• [Problem requirements] Would you restate, word for word, only the lines starting at the one with "开奖后,打开微信【郴心游】小" and ending with the final line of the entries below? Pictures stay out.

• [Records to use]
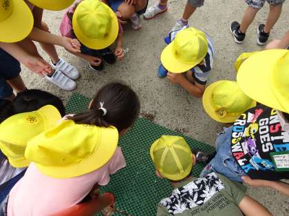 大きな石や,植木鉢をもちあげて,子どもたちはいきいきと生きもの探しをしています。
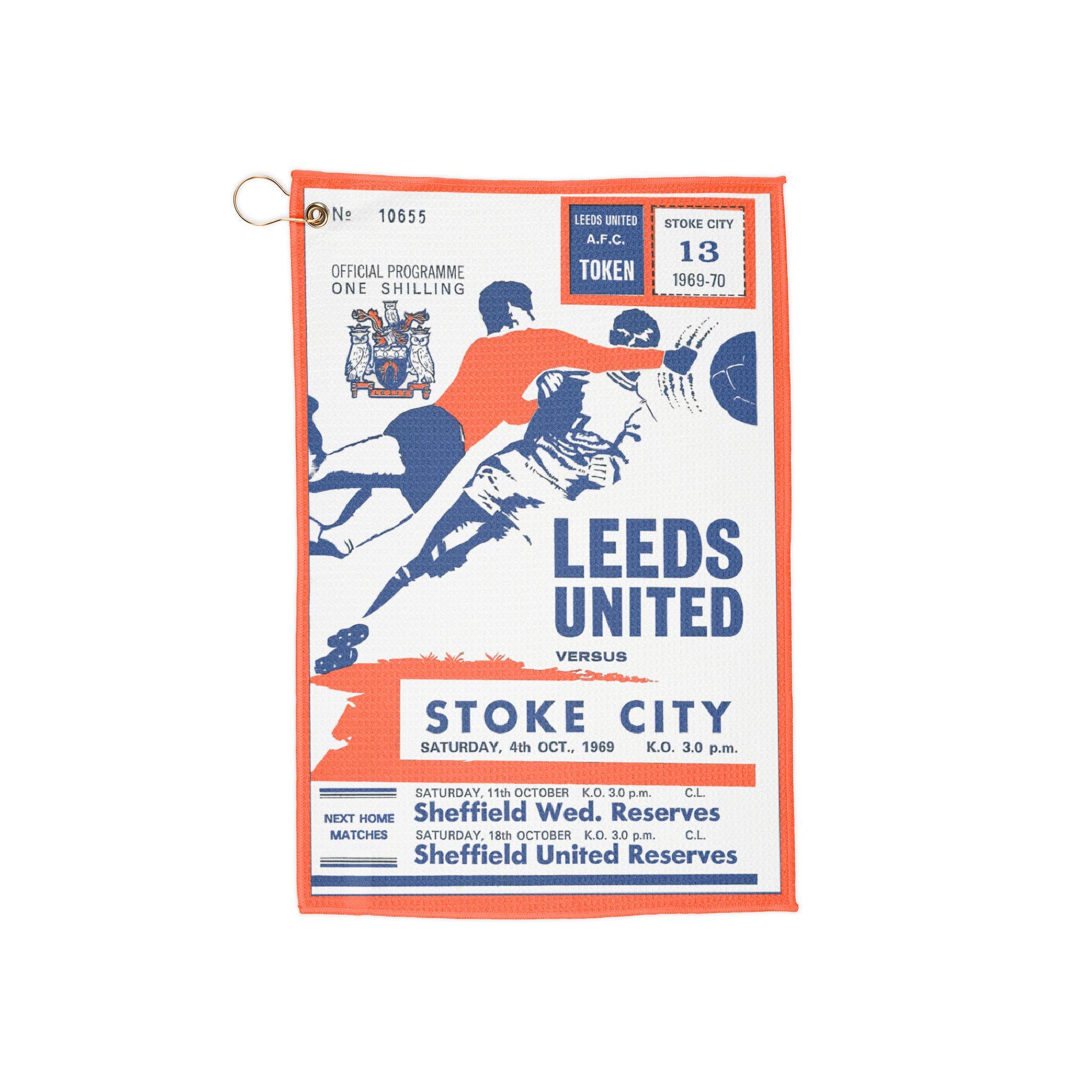 A microfiber towel featuring a vintage 1969 English Football design of Leeds United vs. Stoke City. Ideal for sports enthusiasts and football fans, this absorbent towel is perfect for traveling, camping, the gym, and more. Great for those who love retro football memorabilia and want to showcase their team pride. Perfect for Father's Day or a sports-themed gift.
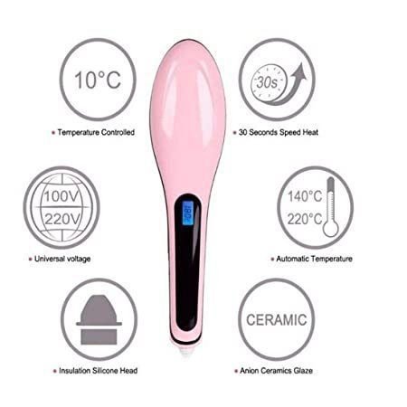 Item features: For thick hair, select higher temperature(210-230), for normal textured hair,select moderate temperature(190-210), for delicate, fine hair,you can select temperature( 170-200) selecting low temperature will slightly slower the process of making hair style. Press the power button for 3 seconds, and press for 3 seconds to off. Straighten iron comb enables doing your hair with 0 burns and 0 harm. All the ladies will be crazy for its advantage: Lcd screen display . 360 degree rotatable wire.
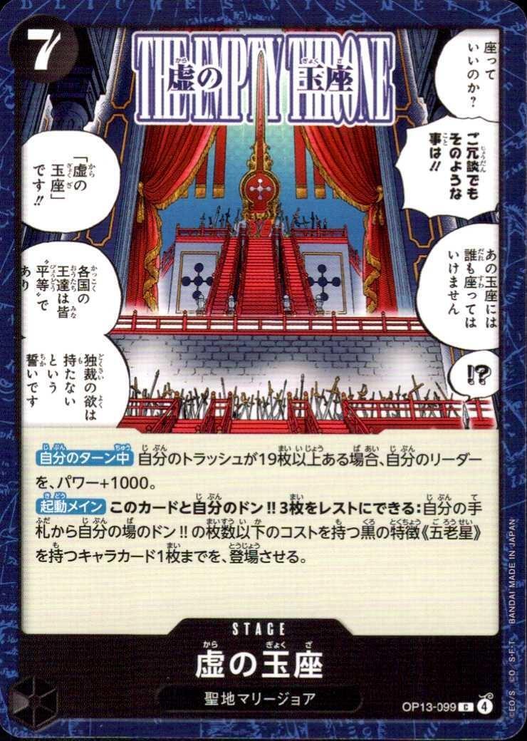 【起動メイン】このカードと自分のドン‼3枚をレストにできる:自分の手札から自分の場のドン‼の枚数以下のコストを持つ黒の特徴《五老星》を持つキャラカード1枚までを、登場させる。
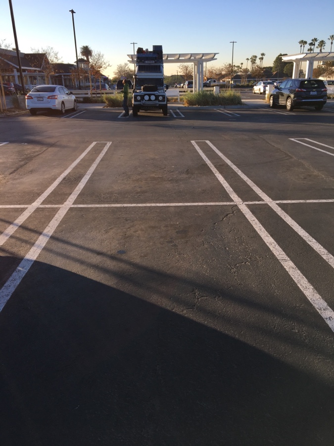 Nächster Plan: zum ACE Baumarkt fahren – wieder ein langweiliger Parkplatz 😉 – für Defender Kleinigkeiten wie Schrauben und kleinen Trichter besorgen. Zum nächsten Parkplatz, einen Schlauch suchen, aber der angesteuerte Autoparthändler hat das gesuchte Teil nicht.
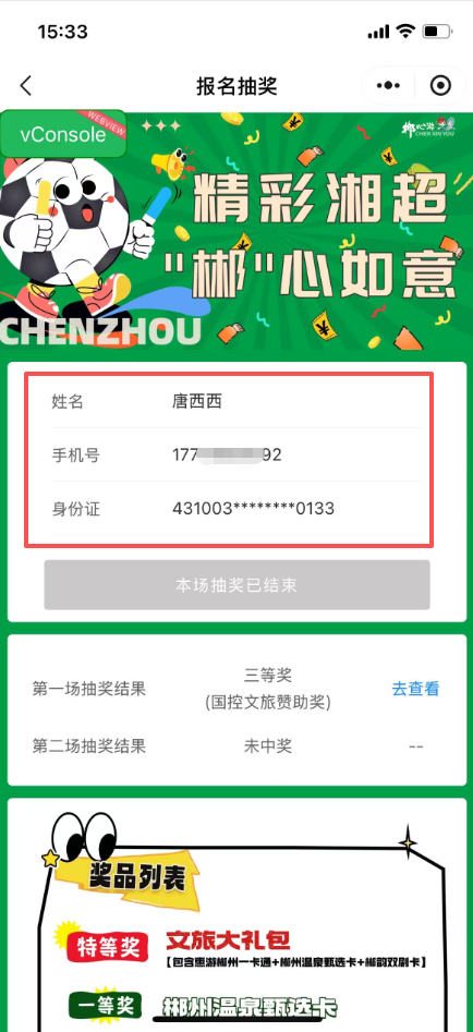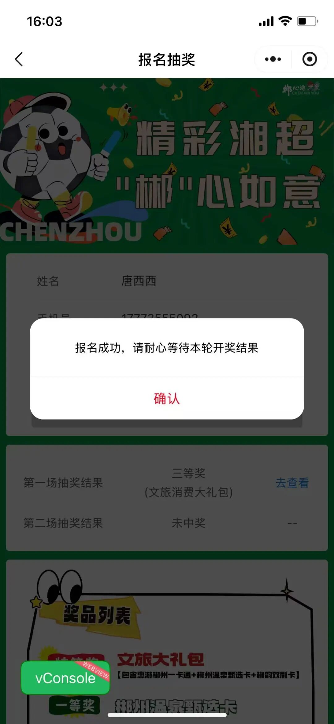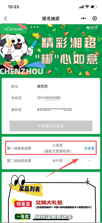 开奖后,打开微信【郴心游】小程序;进入活动专页面,即可查看自己是否中奖、中奖奖项及奖品详情。
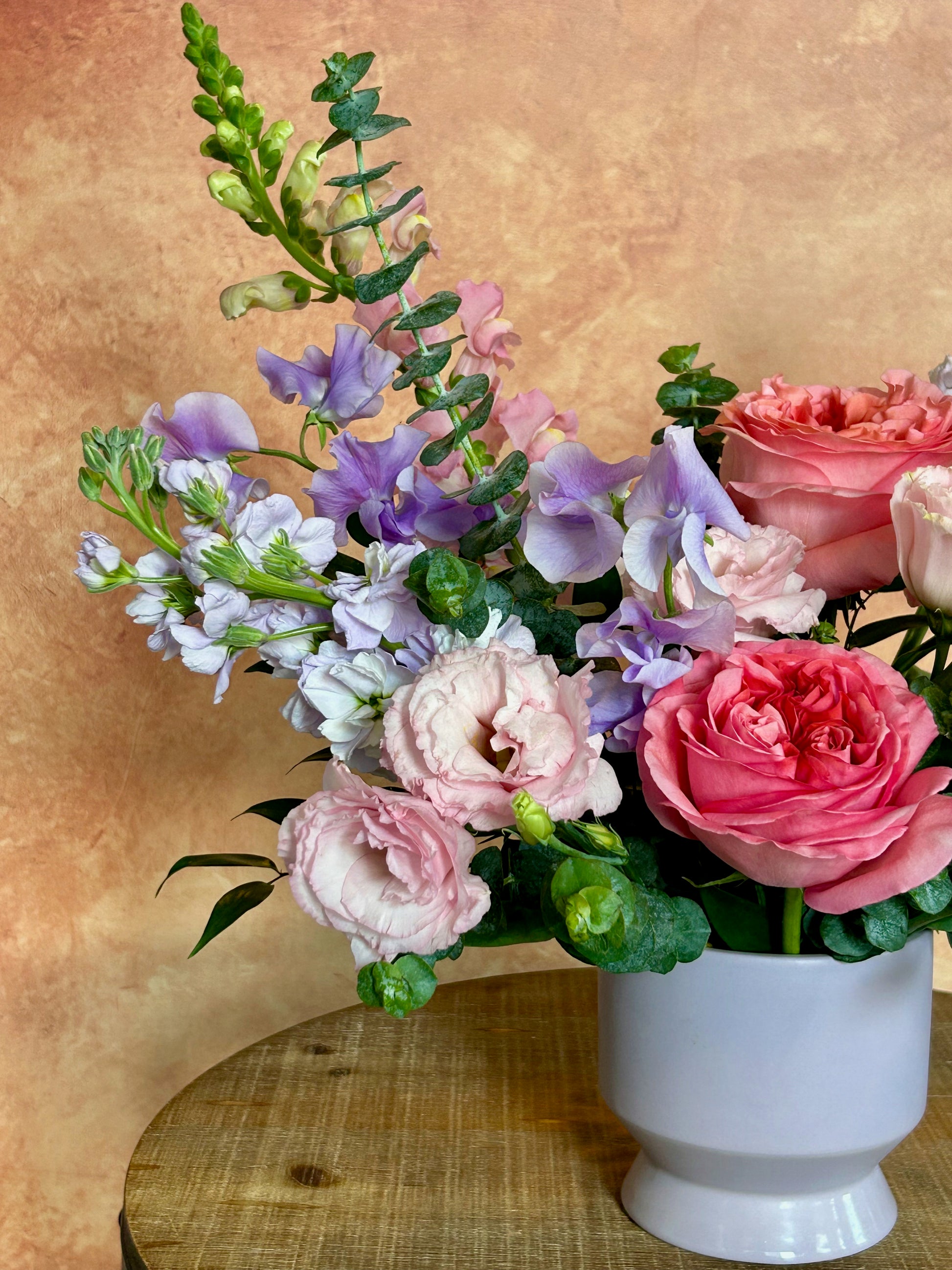 JE T'AIME my sweet amour! a soft color palette, elegant and romantic perfect to say i love you. Garden roses, sweet peas, snap dragon, design in a lavender ceramic vase.

• [Written response]
 开奖后,打开微信【郴心游】小程序;进入活动专页面,即可查看自己是否中奖、中奖奖项及奖品详情。
 JE T'AIME my sweet amour! a soft color palette, elegant and romantic perfect to say i love you. Garden roses, sweet peas, snap dragon, design in a lavender ceramic vase.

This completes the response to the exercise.